## Data below
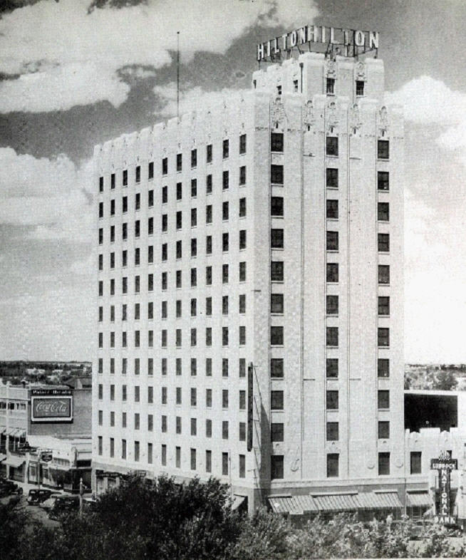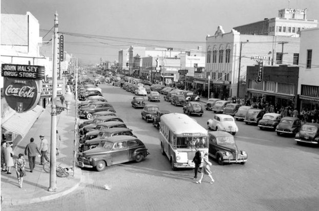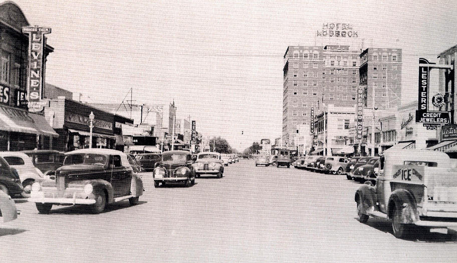 Looking east on Broadway from Lubbock Hotel, about 1942 |
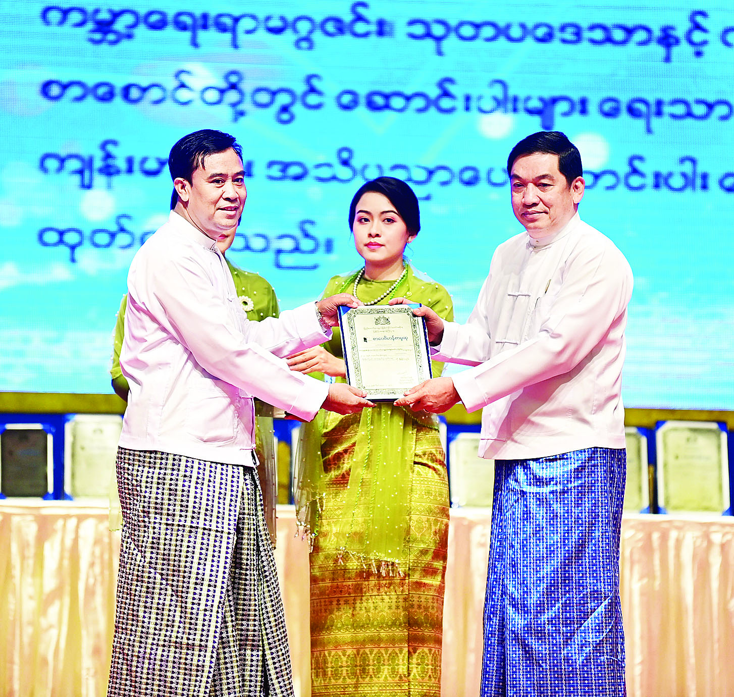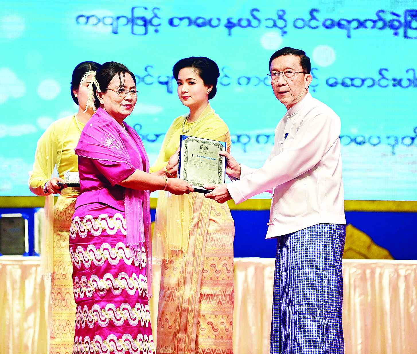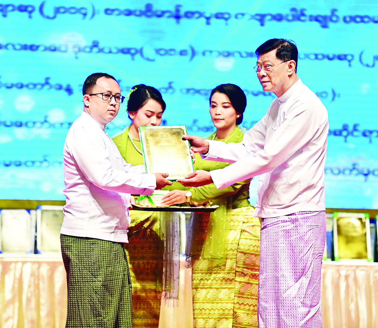 ထို့နောက် ကောင်စီတွဲဖက်အတွင်းရေးမှူး ဗိုလ်ချုပ်ကြီး ရဲဝင်းဦး၊ ကောင်စီဝင်များဖြစ်ကြသည့် ဗိုလ်ချုပ်ကြီး မြထွန်းဦး၊ ဗိုလ်ချုပ်ကြီး တင်အောင်စန်း၊ ဗိုလ်ချုပ်ကြီး မောင်မောင်အေး၊ ဒုတိယဗိုလ်ချုပ်ကြီးရာပြည့်၊ ဗိုလ်ချုပ်ကြီး ညိုစော၊ ပြည်ထောင်စုဝန်ကြီးများဖြစ်ကြသည့် ဦးဝင်းရှိန်နှင့် ဦးမောင်မောင်အုန်းတို့က အမျိုးသားစာပေဆုရရှိသူများနှင့် စာပေဗိမာန်စာမူဆုရရှိသူများကို ဆုများပေးအပ်ချီးမြှင့်ကြသည်။
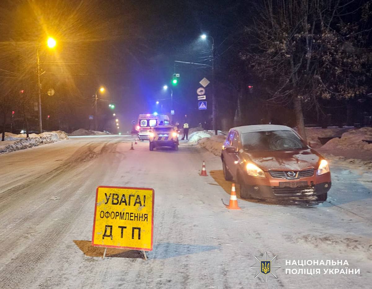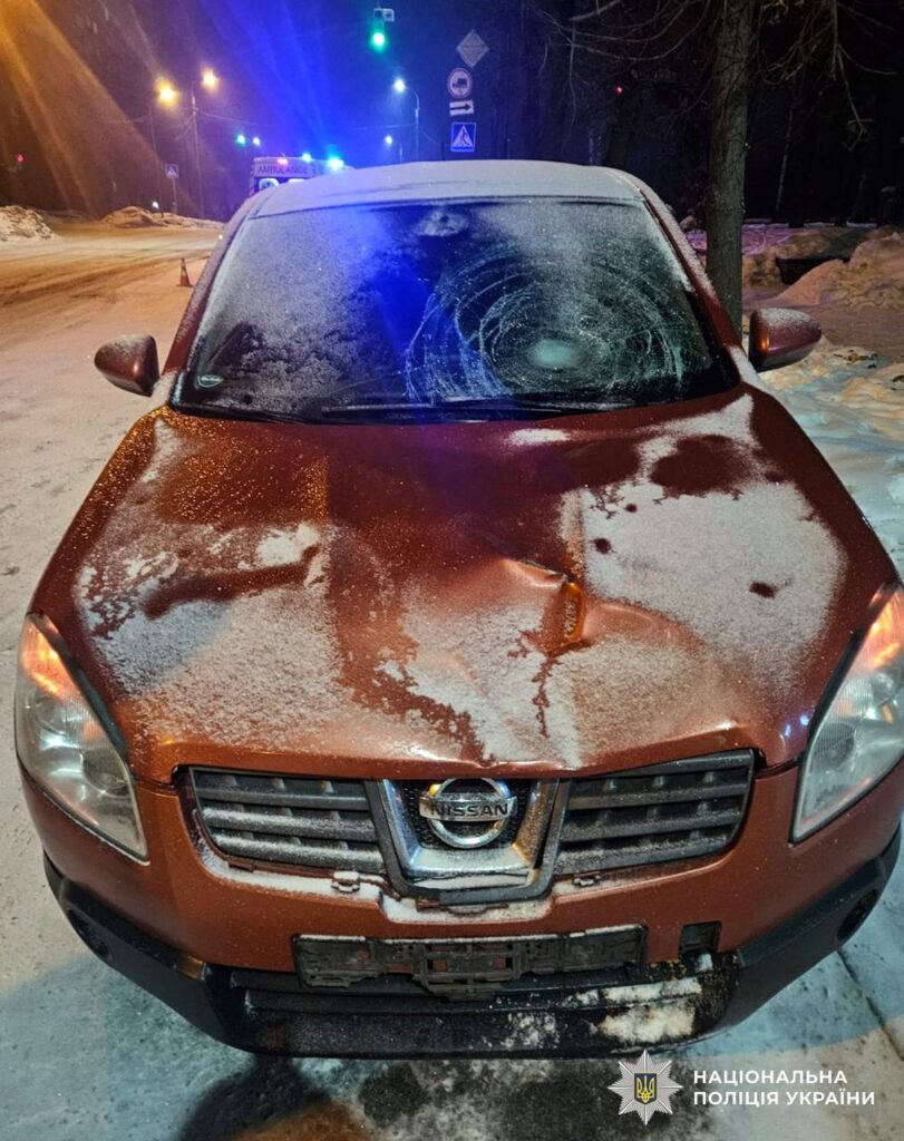 За попередніми даними, водій автомобіля Nissan Qashqai, 26-річний житомирянин, допустив наїзд на чоловіка, який перетинав дорогу по регульованому пішохідному переходу.

## Task to carry out
Write out again, exactly, the lines from the start of the listing up to the line containing "ထို့နောက် ကောင်စီတွဲဖက်အတွင်းရေးမှူး ဗိုလ်ချုပ်ကြီး", with both ends and without pictures.

## Reply to the task
 Looking east on Broadway from Lubbock Hotel, about 1942 |
 ထို့နောက် ကောင်စီတွဲဖက်အတွင်းရေးမှူး ဗိုလ်ချုပ်ကြီး ရဲဝင်းဦး၊ ကောင်စီဝင်များဖြစ်ကြသည့် ဗိုလ်ချုပ်ကြီး မြထွန်းဦး၊ ဗိုလ်ချုပ်ကြီး တင်အောင်စန်း၊ ဗိုလ်ချုပ်ကြီး မောင်မောင်အေး၊ ဒုတိယဗိုလ်ချုပ်ကြီးရာပြည့်၊ ဗိုလ်ချုပ်ကြီး ညိုစော၊ ပြည်ထောင်စုဝန်ကြီးများဖြစ်ကြသည့် ဦးဝင်းရှိန်နှင့် ဦးမောင်မောင်အုန်းတို့က အမျိုးသားစာပေဆုရရှိသူများနှင့် စာပေဗိမာန်စာမူဆုရရှိသူများကို ဆုများပေးအပ်ချီးမြှင့်ကြသည်။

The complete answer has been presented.